Triggered by a business decision, human chat volume analysis, or an Analysis finding that requires a net-new agent. Handles requirements, topic architecture, action/data flow setup, and scaffolding (Flows/Apex) — then hands off to Drive for iterative instruction writing and testing.

Skill: adlc-create — setup + architecture, then delegates to adlc-drive

The Continuous Loop

1 Analysis Phase Not started

Reviews production session traces, CSAT data, business goals, and user feedback to identify what's working and what needs improvement. Produces prioritized findings that feed into ticket creation — or flags the need for a new agent (exits to Creation).

Skill: adlc-analysis — coordinates adlc-optimize (observation), testing-analysis, and external data review

⛔ HITL — Product Prioritization Ready

Product reviews analysis findings, decides priority, and creates drive-ready tickets. Scores ticket completeness (requirements, acceptance criteria, examples, baseline) and flags scope or eval impact before Drive begins.
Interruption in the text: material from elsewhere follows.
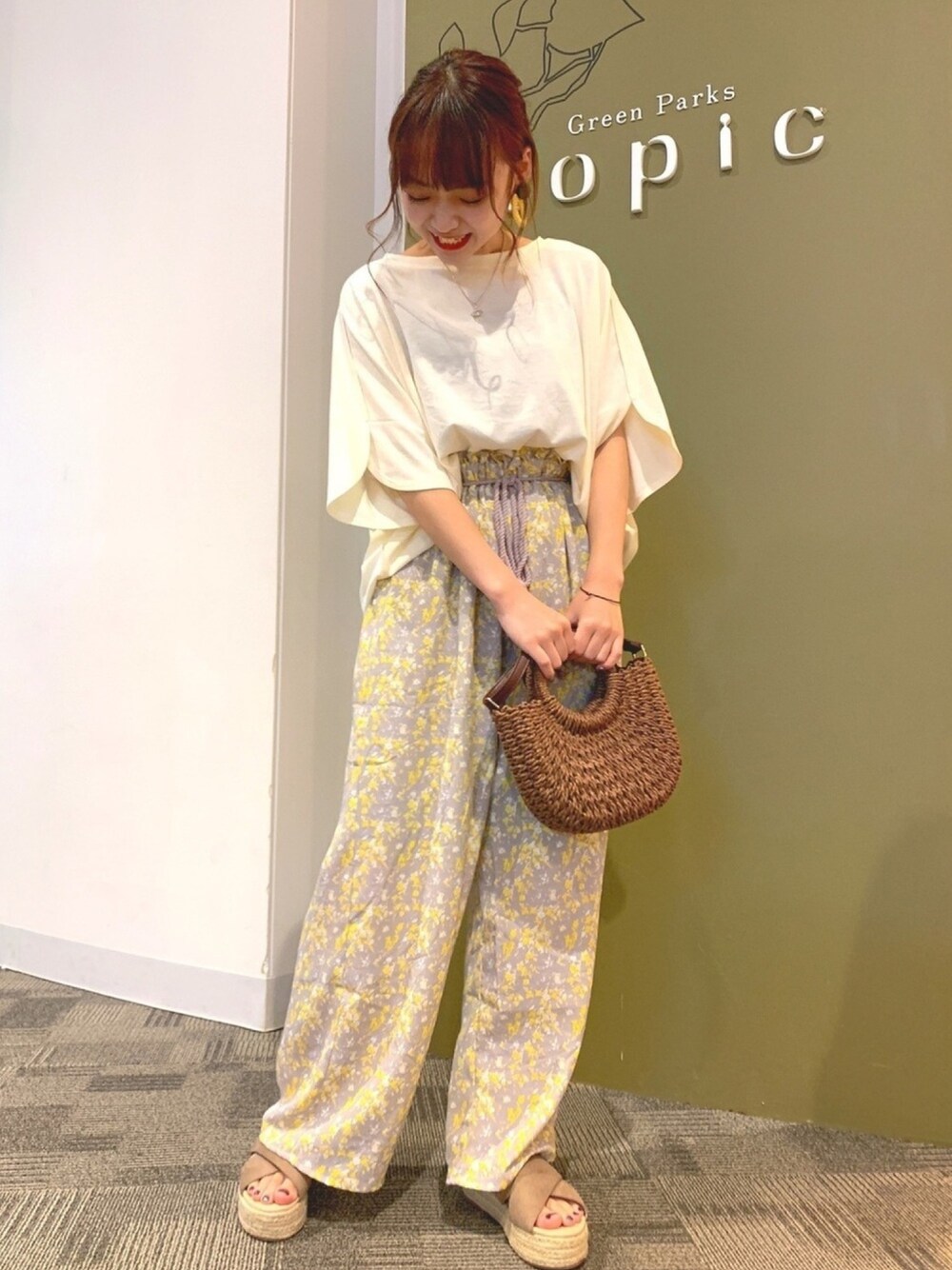 パステルカラーの柄パンツがとってもかわいい💓 ウエストは紐で結べて調整できるから ゆったりしたスタイルがお好みの方には嬉しいつくり💭☺️ 靴、小物は色合わせで統一感を出せばオシャレ見え!! 髪はまとめてアップスタイルで夏らしく🌞🌴🌺✨

Skill: adlc-ticket — ticket readiness scoring and authoring assistant

2 Drive Phase Ready

Takes a ticket or goal, discovers the current agent state, plans the approach, executes instruction changes iteratively with testing at each step, and presents verified results. The core optimization engine — used by both existing agents and new agents coming out of Creation.

Skill: adlc-drive — orchestrator that delegates to adlc-discover, adlc-optimize, adlc-test, and the playbook

⛔ HITL — Product Review Not started

Product validates eval results against acceptance criteria, performs UAT, and approves the prompt for release. Intentionally separate from Drive — the skill that builds shouldn't judge its own work.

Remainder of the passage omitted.